If you can't answer these questions in under an hour, you have a governance gap.
Step 2: Define Model Acceptance Criteria
Create a decision matrix. Before any model enters your environment, verify:
Provenance checks:
- Publisher identity and reputation
- Model card completeness
- Signature verification where available
- License compatibility with your use case
Security validation:
- Scan model files for embedded malware
- Review model dependencies for known vulnerabilities
- Test model behavior against expected outputs
- Check for data exfiltration attempts during inference
Compliance verification:
- Data residency requirements
- Privacy controls in training data
- Regulatory constraints (GDPR, CCPA, industry-specific)
Step 3: Build Approval Workflows
Your model acquisition pipeline should mirror your code review process:
- Request phase: Developer submits model with justification and risk assessment
- Security review: AppSec team validates provenance and scans for threats
- Compliance review: Legal/compliance confirms licensing and regulatory fit
- Approval: Designated authority approves or rejects with documented reasoning
- Monitoring: Track model in production with behavioral baselines
Use your existing ticketing system. Don't build new tooling until you've proven the process works manually.
Step 4: Establish Registry Controls
Not all registries are equal. Categorize them:
Tier 1 - Pre-approved: Registries with strong publisher verification and security controls. Streamlined approval process but still requires validation.
Tier 2 - Conditional: Public registries with basic controls. Full approval workflow required.
Tier 3 - Prohibited: Registries with no publisher verification or known compromise history. Block at the network level.
Document this in your acceptable use policy. Make it searchable.
Common Pitfalls
Pitfall 1: Treating models like static artifacts Models aren't binaries. They can behave differently based on inputs, and their dependencies update independently. Your validation can't be one-time—schedule quarterly re-assessments for production models.
Pitfall 2: Assuming the model card is accurate Model cards are self-reported documentation. Verify claims independently. If a card says "trained on public data," confirm no proprietary or PII leaked into training sets.
Pitfall 3: Skipping behavioral testing Hash verification proves the file hasn't changed. It doesn't prove the file does what you expect. Test model outputs against known-good baselines before deployment.
Pitfall 4: Ignoring the dependency tree A model might be clean, but its 47 transitive dependencies might not be. Run SCA scans on the full dependency graph, not just the model file.

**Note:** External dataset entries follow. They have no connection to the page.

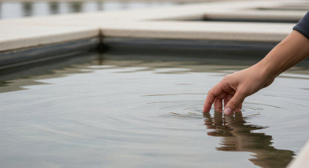 Splashing sea wter and human hand.
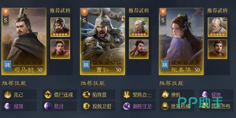 然后是三仙队,也很强势,华佗左慈张角,有超强的续航和稳定出伤,而且这个配队对技能的需求没有那么高,即便是一些紫色品质的技能也可以用。桃园枪(刘关张)也很强势,不过需要一定的投入和运气,主要是关羽抽取成本稍微有点高。
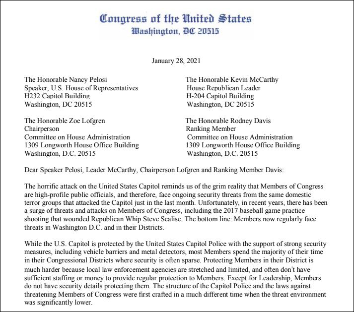 另外一方面,據美國哥倫比亞廣播公司(CBS)報道,在佩洛西發表上述言論之前,有約30位國會議員向佩洛西本人和眾議院共和黨領袖凱文·麥卡錫(Kevin McCarthy)寫信,稱他們正在成為暴力傷害行為的“目標”。議員們要求“靈活地使用資金”,對他們加強保護。
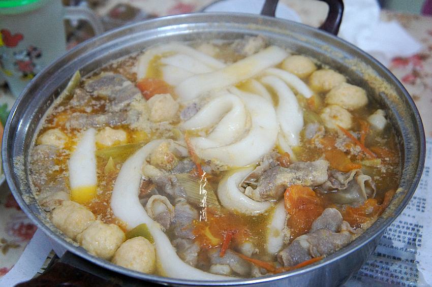 5、非常棒的火锅底料就做好了,好吃不腻,倒入火锅中,开大火,接下来就可以下入耐煮的配料,比如鸡肉丸、宽粉条等,煮开便可以开餐啦。然后根据自己的喜好下入羊肉、蔬菜,其实涮火锅没有先后顺序,自家吃喜欢吃啥就入锅涮啥,边煮边吃,最后再来点手擀面,真是好吃到撑。
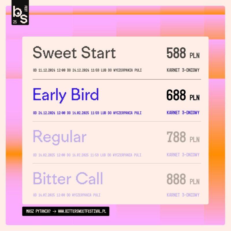 Pierwsza edycja BitterSweet Festival potrwa 3 dni w terminie 14-16 sierpnia 2025 roku w poznańskim Parku Cytadela. Międzynarodowy line-up będzie się składał z ponad 40 artystów, którzy wystąpią aż na 3 scenach. Organizatorzy obiecują, że będzie to wyjątkowe zetknięcie nostalgii z nowoczesnością i muszę przyznać, że dotychczasowe ogłoszenia idealnie to odzwierciedlają.
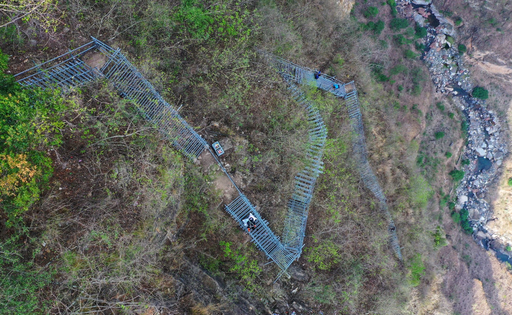 在四川省凉山彝族自治州昭觉县“悬崖村”阿土列尔村,村民沿着钢梯下山(2020年5月13日摄,无人机照片)。新华社记者 王曦 摄
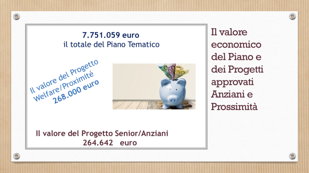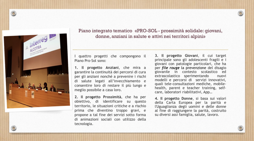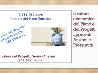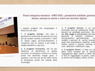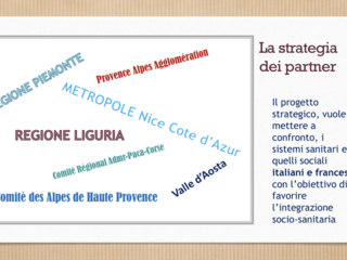 Obiettivo del Piano integrato tematico di prossimità solidale è sviluppare una strategia condivisa tra Italia e Francia, mettendo a confronto i sistemi sanitari e quelli sociali italiani e francesi per favorire l’integrazione socio-sanitaria. I singoli progetti del piano rivolti a anziani, donne, giovani e welfare - proximitè) favoriranno l’introduzione di servizi innovativi rivolti ai cittadini nelle aree transfrontaliere, interne e montane. Il piano è stato approvato con un budget di oltre 7.700.000 euro per una durata complessiva di 4 anni. Tanti i beneficiari coinvolti: per l’Italia la Regione Piemonte in qualità capofila e le Regioni Liguria e Valle d’Aosta in qualità di partner mentre per la Francia, Provence Alpes Agglomération, Metropole Nice Côte d’Azur, Comitè des Alpes de Haute Provence, Comité Régional Admr-Paca-Corse.

Pitfall 5: Governance theater Having a policy document doesn't mean you have governance. If 53% of your model pulls bypass the approval workflow, your controls are documentation, not protection.
Quick Reference Table
| Decision Point | Yes Path | No Path | Escalation |
|---|---|---|---|
| Is the model from a Tier 1 registry? | Proceed to security scan | Full approval workflow required | Security architect |
| Does the model have a complete model card? | Continue validation | Request from publisher or reject | Product owner |
| Are all dependencies CVE-free? | Proceed to behavioral testing | Remediate or find alternative | AppSec team |
| Does the model pass behavioral validation? | Submit for compliance review | Document failure and reject | Security architect |
| Is licensing compatible? | Approve for deployment | Legal review or reject | Legal counsel |
| Is monitoring configured? | Deploy | Configure monitoring first | DevOps lead |
Validation frequency:
- Pre-deployment: Always
- Production models: Quarterly
- After dependency updates: Within 48 hours
- After registry compromise: Immediate re-validation
Audit trail requirements:
- Model request with justification
- Security scan results
- Behavioral test outputs
- Approval chain with timestamps
- Deployment logs with model version
Your governance framework is only as strong as your ability to answer: "Which models are running in production right now, and when did we last validate them?" If that takes more than five minutes, start there.